Y.A. fiction and adjacent, like the recent bestseller House in the Cerulean Sea has finally recaptured my desire to read. I think I’ve also recommended Adib Khorram, but I don’t mind being repetitive, his two Darius books are deeply wonderful.
Chris
@Splitting Image:
I miss Captain America, Liberal Icon. There’s some hints of him in the MCU but they’ve mostly kept him generic enough that you can’t really narrow down his politics on one side of the aisle or the other.
RaflW
@FelonyGovt: I recently completed the three book Extraordinaries series by Klune. I’d not ever though of myself as someone how reads superhero books, but it turned out to be a worthwhile effort, and hopefully his depiction of an adhd kid was taken well by people in that community.
kalakal
@Miss Bianca: Hope you enjoy it. It’s a YA fantasy adaption of the Mabinogion – a big bit of Welsh mythology
pabadger
I mostly read nonfiction, with a little fantasy and sci-fi tossed in for good measure.
Currently reading People of the Wolf by Gear and O’Neal Gear. It’s about the first people in North America.
gwangung
@Chris: Really liked the Englehart-written issues where he fought
Richard Nixoner the Secret Empire and gave up the identity temporarily.Dirge
@Dorothy A. Winsor:
I’m thinking of her Sharing Knife series, some of the last few VK books, a couple of the Penric pieces. It seems like she shifts gears and adopts a dual-perspective for these.
What Have The Romans Ever Done for Us?
It’s been 40 years since I read them but if I recall accurately Anne McCaffrey’s Dragonriders of Pern series had some romance elements (Dragonflight, Dragon quest, and The White Dragon). The Harper Hall of Pern books were more YA/PG (those were Dragonsinger, Dragonsong, Dragon Drums).
Sharon Kay Penman wrote a series set in the reign of King John that didn’t have any fantasy elements other than being set in the middle ages but if I recall did have romance elements and were mysteries…sort historical fiction romysteries.
As for the other Romantasy – the ones set in Roman times, if the Eastern half of the empire counts Guy Gabriel Kay’s Sarantium series are the only ones I know of.
Dorothy A. Winsor
@Dirge: Yeah, I think that’s right.
@What Have The Romans Ever Done for Us?: Kay is sometimes too violent for me, but his Sailing to Sarantium is beautiful and touching.
There’s some argument over whether you need magic for a book to be fantasy or if a created world (rather than history) is enough. I don’t think it matters for the story. Genre labels are mostly for marketing.
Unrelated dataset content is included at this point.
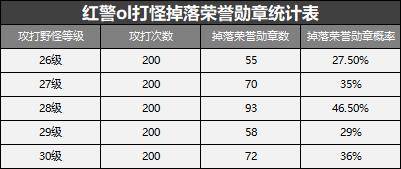 经过多次测试,红叔发现,攻打不同等级的野外敌军胜利后掉落荣誉勋章的概率虽略有不同,但整体爆率平衡在35%左右。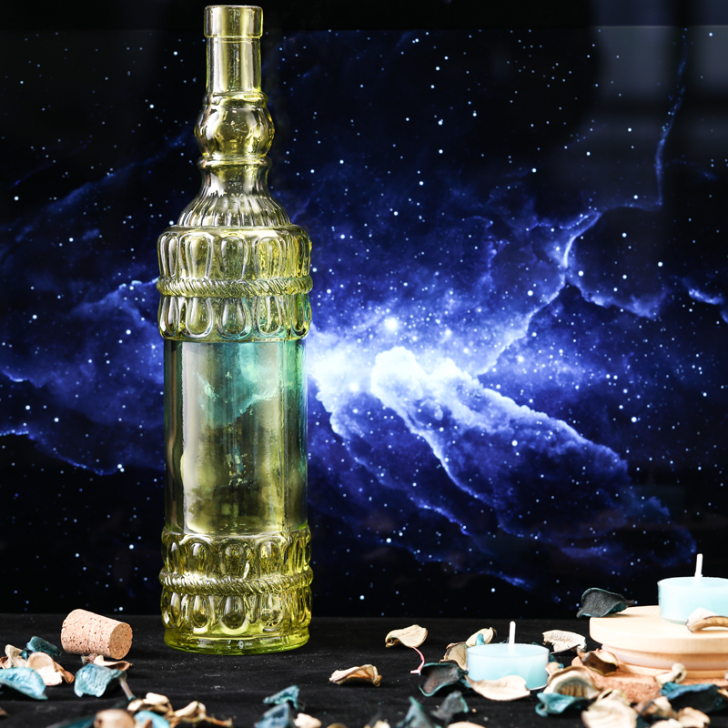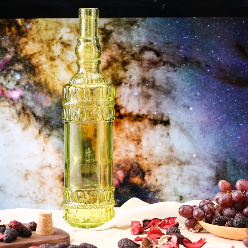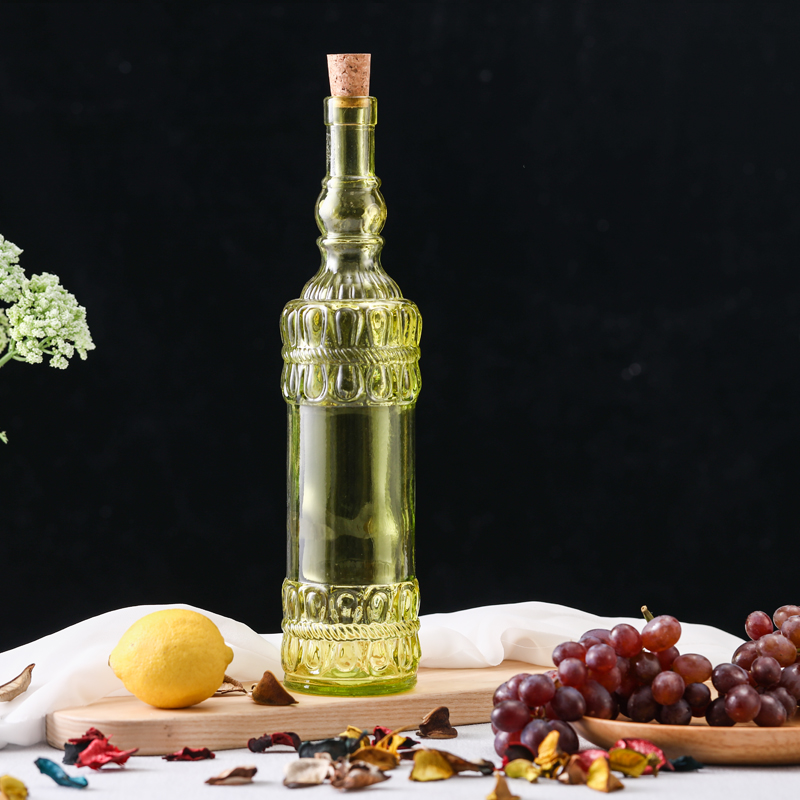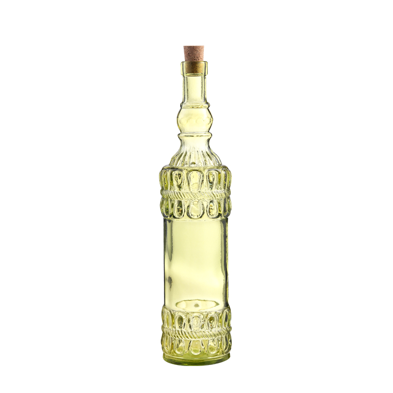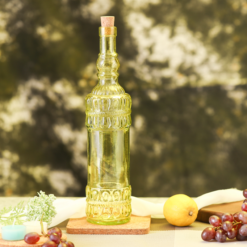 软木塞玻璃液体调味瓶 圆花边 黄色 700ml

What Have the Romans Ever Done for Us?
@Dorothy A. Winsor: Yeah I read Sailing to Sarantium but haven’t gotten around to the sequel. I like that he wrote two in the series and didn’t feel compelled to stretch it into a trilogy because that’s the standard for Fantasy series. I also really enjoyed Kay’s The Last Light of the Sun which features more violence than Sailing to Sarantium and involves Viking incursions into Wales so is not really connected to that series. I think it’s a stand alone rather than part of any series.
TheronWare
For anyone looking for some excellent High Fantasy reading and since Sanderson was mentioned, I would highly recommend Stormlight Archive.